Warning: spoilers ahead
Two saccharine monologues are the most exciting moments in the seventh episode of “Party of Five.”
“Speak for Yourself,” which premiered Wednesday night, revolves around a fundraiser Lucia (Emily Tosta) organizes with the help of her fellow activist and mentor, Sully (Elizabeth Grullon). After phone calls fail to raise enough money for immigrants in detention centers, Lucia hosts a music and spoken word event at the family restaurant with others affected by the matter, including Emilio (Brandon Larracuente) and his band.
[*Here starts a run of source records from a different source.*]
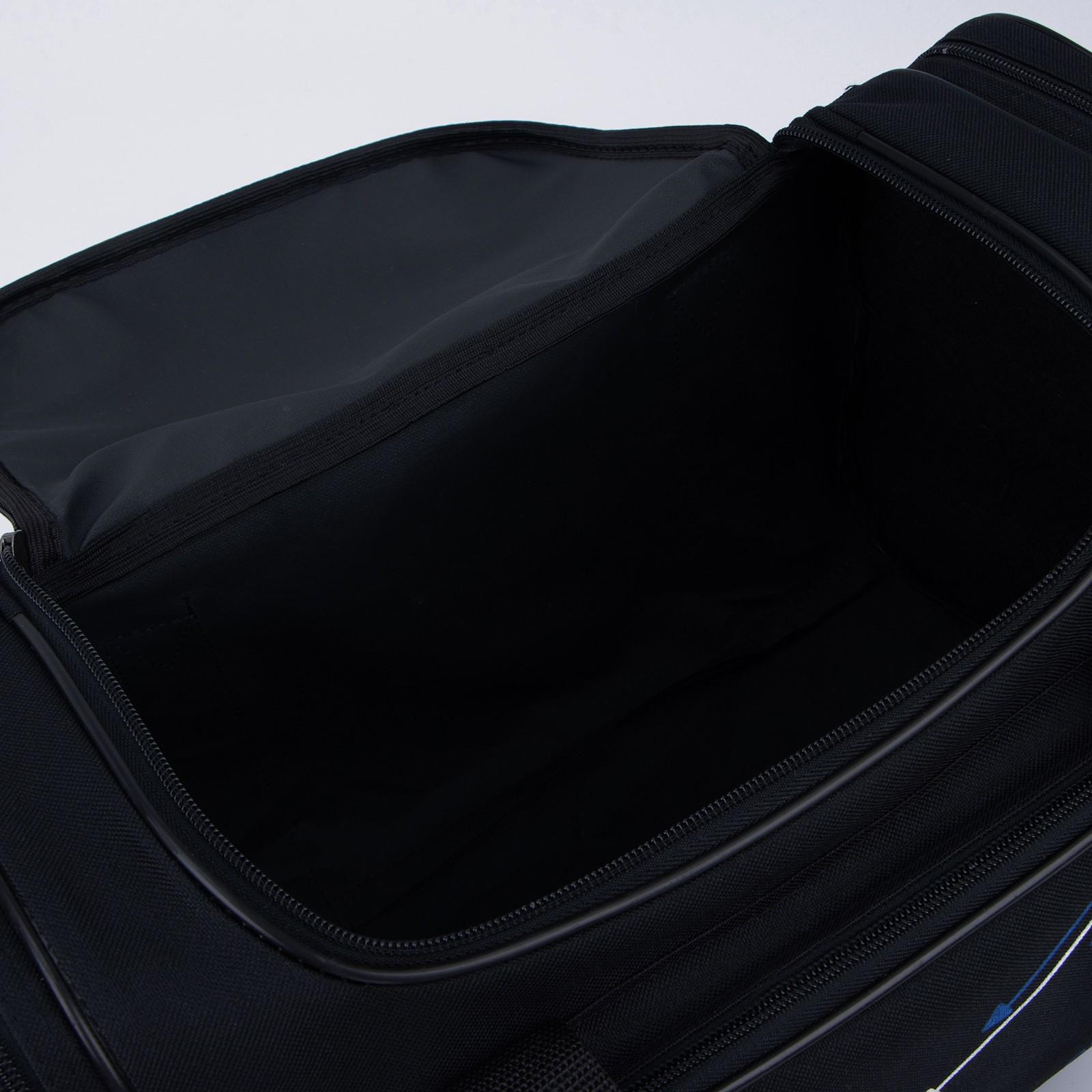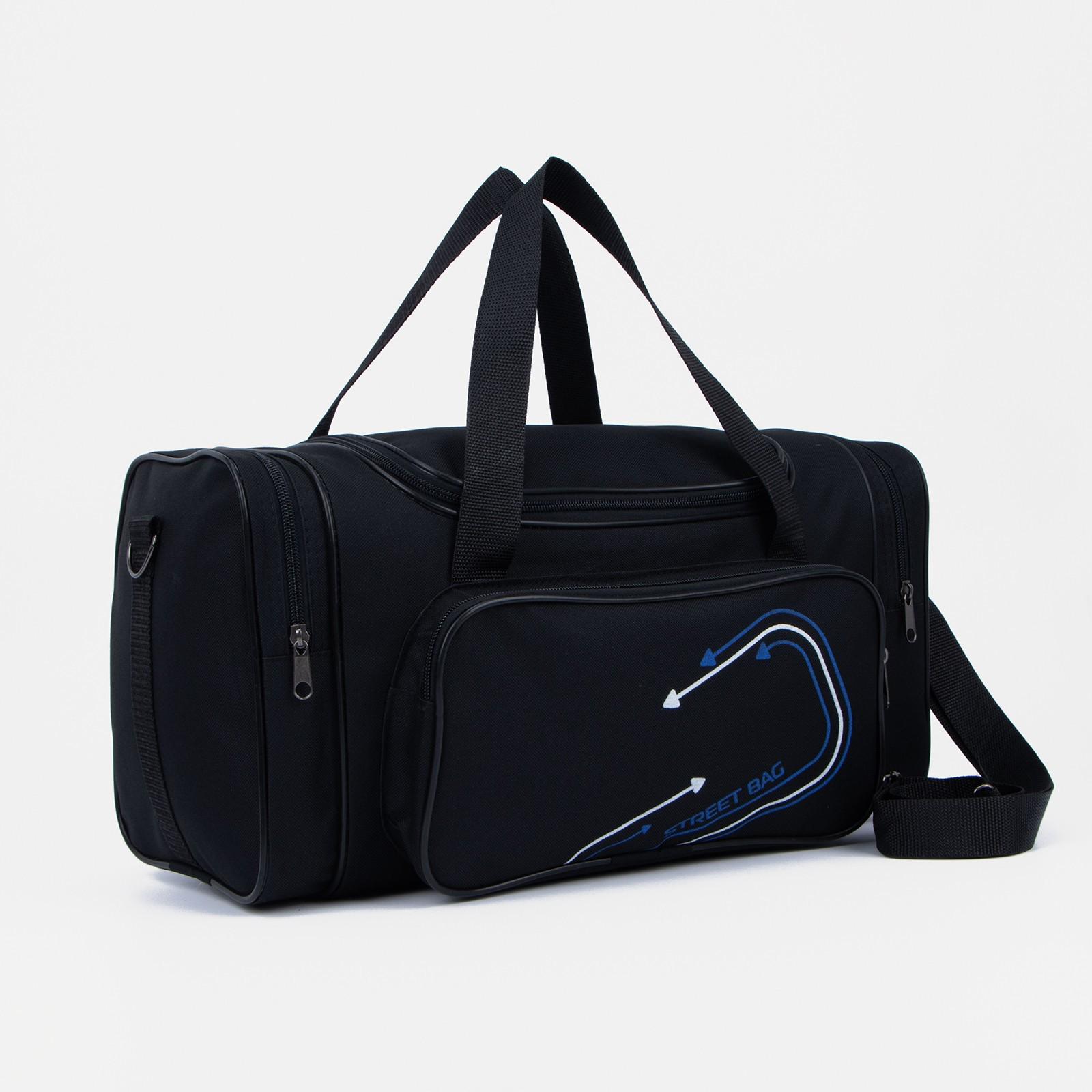 Сумка дорожная на молнии, 3 наружных кармана, длинный ремень, цвет чёрный/синий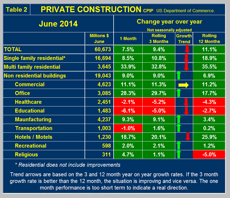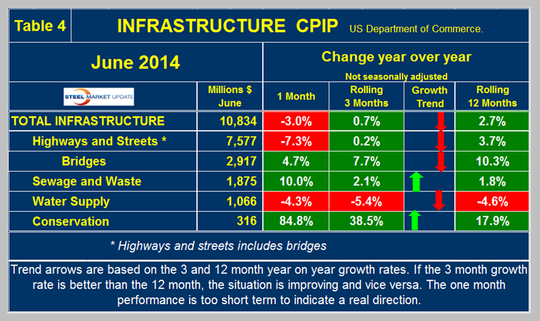 Infrastructure: Expenditures have had positive growth in each of the last ten months through June on a rolling 3 months basis with a + 0.7 percent result in the latest data. The growth in three months is slower than that in 12 months meaning that momentum slowed as the industry waited for the resolution of the highway trust fund issue. Bridge construction is still strong though slowing and is the bright spot in total highways and streets expenditures, (Table 4).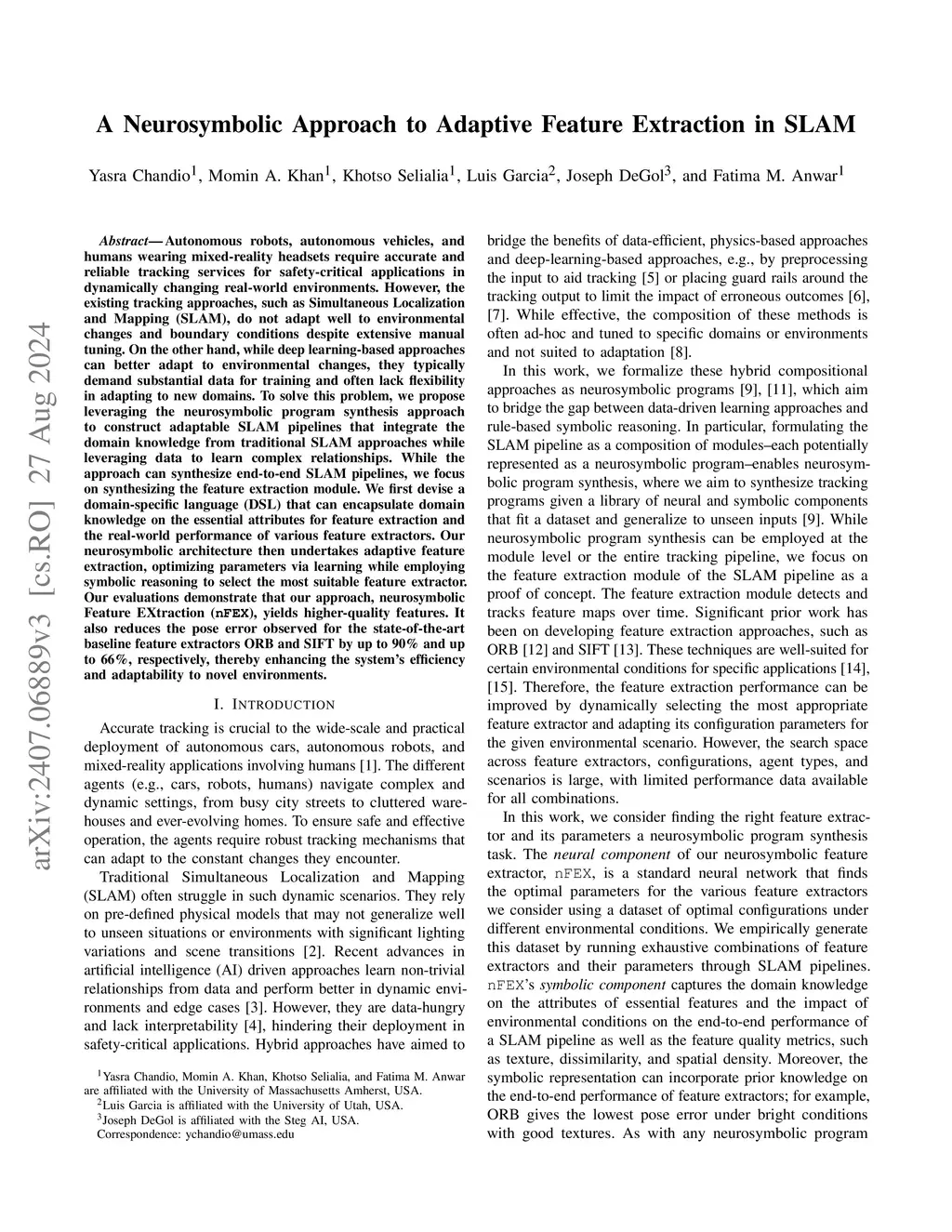 A Neurosymbolic Approach to Adaptive Feature Extraction in SLAM
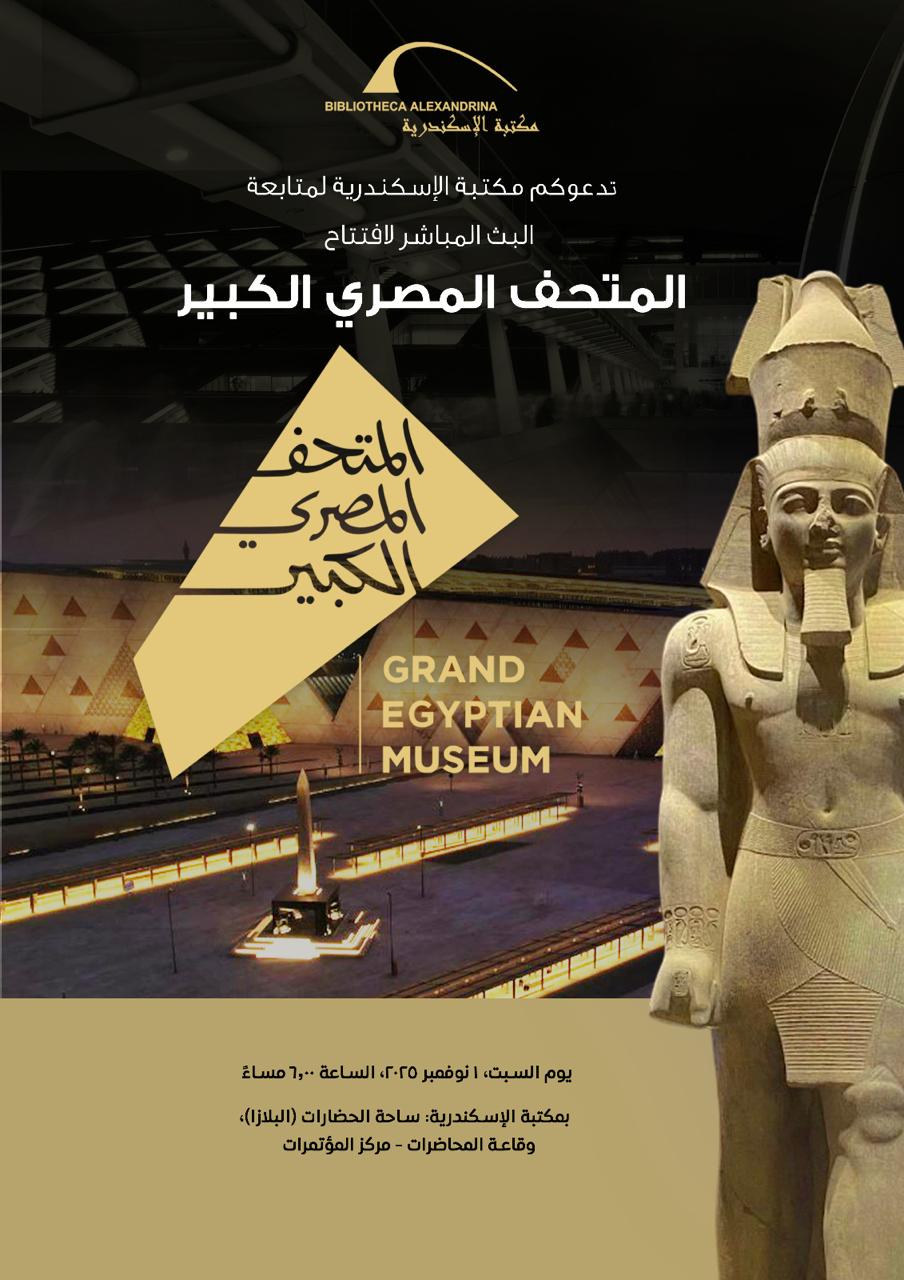 في إطار الاستعدادات الوطنية لافتتاح المتحف المصري الكبير يوم السبت المقبل، الموافق 1 نوفمبر 2025، تحتفل مكتبة الإسكندرية بهذا الحدث التاريخي الكبير والفريد مع روادها من جمهور الإسكندرية، عبر إطلاق بث مباشر لفاعليات الافتتاح من ساحة الحضارات (البلازا) وقاعة المحاضرات بمكتبة الإسكندرية، وذلك يوم السبت في تمام الساعة السادسة مساءً، انطلاقاً من رسالتها التنويرية كونها نافذة مصر على العالم ونافذة العالم على مصر.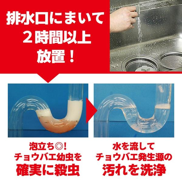 ・殺虫成分(エトフェンプロックス)でチョウバエ幼虫を殺虫駆除します。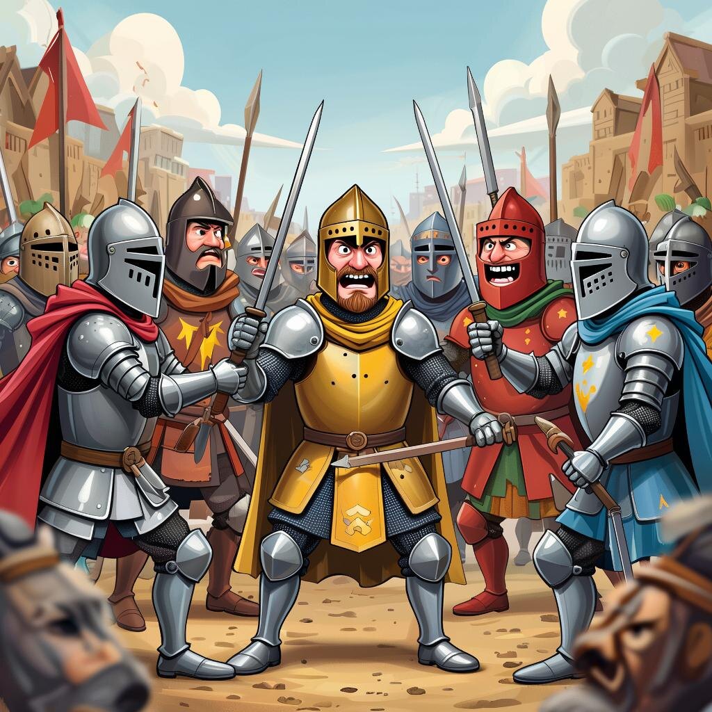 **Дорогие друзья!** Сегодня я расскажу вам такую историю, что даже средневековые рыцари покраснели бы от стыда (если бы могли, конечно — в их-то доспехах!). Представьте себе: **Средние века** — время, когда каждый уважающий себя рыцарь весил как небольшой танк, а его конь выглядел так, будто собрался на маскарад в костюме бронированного носорога. И вот эти **тяжеловесы на колёсах** (то есть на конях) мчались в атаку, думая, что им всё нипочём. Они были настолько уверены в своей неуязвимости, что, наверное, даже в туалет ходили, не снимая доспехов (хотя как они это делали — отдельная комедия). Но тут появились **английские лучники** — эти хитрые ребята, которые решили показать рыцарям, кто тут главный. И знаете что? Они использовали... обычные луки! Как говорится, не важно, чем ты вооружён, важно — как ты этим владеешь. **Английская тактика** была проста как валенок: выкопать ямку, воткнуть колышек, подождать, пока рыцарь влетит в эту ловушку со скоростью метеорита. И вот картин
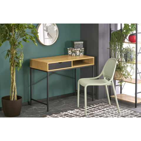 méretek: 95/48/76 cm, anyag: laminált forgácslap - melamin / porfestett acél, szín: arany tölgy / fekete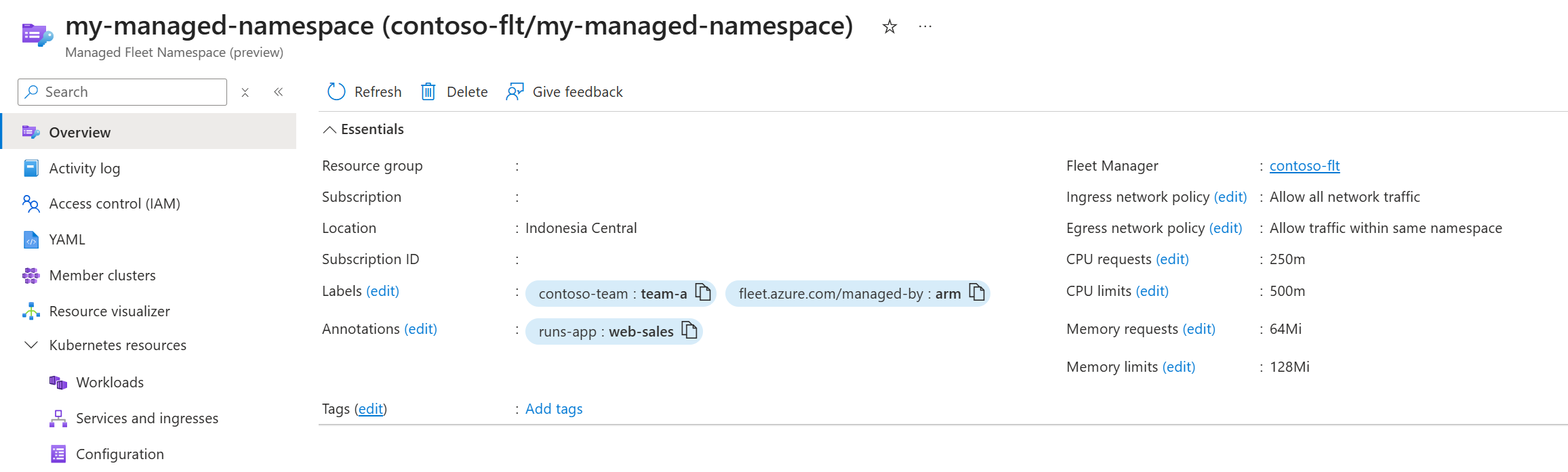通过从列表中选择命名空间,在其概览中查看托管机群命名空间的配置。

Once again, “Party of Five” seems to be recycling the same storylines from earlier in the season – Lucia’s passion for activism and Beto’s (Niko Guardado) relationship troubles are all too familiar – proving the Freeform show to be too didactic for television.
Though Lucia gains confidence as an activist and event organizer in the episode, Allison (Paulina Alvarez), who happens to be another one of Sully’s (Elizabeth Grullon) mentees, taunts and challenges Lucia. In a moment of subtle rebellion on Lucia’s end when faced with Allison’s disapproval, she manages to give a stirring speech about the reality immigrants face in detention centers. It was a moving moment as Lucia touched upon how immigrants are denied even the most basic of supplies, revealing the inhumane conditions they are subjected to. Unfortunately, in context of the show, the speech felt too on the nose.
Although Lucia’s fiery personality is definitely both an asset and something she’s developed out of necessity – as being a brown daughter of undocumented immigrants comes with its fair share of hardships – oftentimes, her character comes off as too sanctimonious. Tosta does manage to embody Lucia’s outgoing personality, but she fails to ground the character, making her feel like more of a caricature than a real person. Tosta isn’t the sole problem, however, as the writers could have better fleshed out her character’s personality on the page as well.
With Lucia’s storyline lacking depth, Emilio’s angst over not being involved with his band anymore felt like a natural consequence of his situation and was probably one of the more relatable moments of this week’s episode. Emilio was living the dream life of a bachelor when the show began – after all, he was 24 years old, staying with his friends and the lead singer of his own band. After giving up everything to raise his siblings and run the restaurant, the eldest sibling reunites with his band to perform at the fundraiser in this week’s episode, but has a panic attack and runs off.
It’s Natalia (Sol Rodriguez) who catches up to Emilio and points out that maybe it’s time for him to admit that his singing days are finally over, but Emilio remains in denial. His identity crisis is valid and relatable, making it easier for viewers to empathize with the oldest Acosta as he has arguably had to give up more than his siblings did because of his parents’ deportation.
Other storylines still feel unnecessary though, especially in the face of the nuance Natalia and Emilio added to the hour-long drama. A random fight erupts halfway through the episode with Ella (Audrey Gerthoffer) finessing her way out of being caught for underage drinking, yet the moment adds little to her character. In fact, the incident is a clear demonstration of white privilege. Ella is afforded this leniency, but if Emilio had been busted for serving a minor alcohol, there’s a chance his Deferred Action for Childhood Arrivals program status could’ve been revoked. Once again, “Party of Five” showed its heavy hand with scenes that are an obvious attempt to make a point.
The true height of the production only occurs when Valentina (Elle Paris Legaspi) almost gets busted as “Amanda Davis” as she runs into one of her new dance teammates at the fundraiser. But what could have been an interesting moment ends up falling flat. There’s no tension as Natalia tells the 12-year-old she understands why adopting a new identity feels safer. Last week, Val rebelling felt fresh and exciting, and so much more could’ve been done with the subplot to increase the show’s stakes. Instead, the writers and showrunners played it safe.
Though it makes sense for “Party of Five” to handle its subject matter with respect and dignity, a little sprinkle of believable melodrama could help the show. The future of “Party of Five” could be on rocky shores as very little seems to keep audiences returning week after week.
Television is supposed to emulate real life while making it more interesting – something the series still hasn’t figured out how to achieve.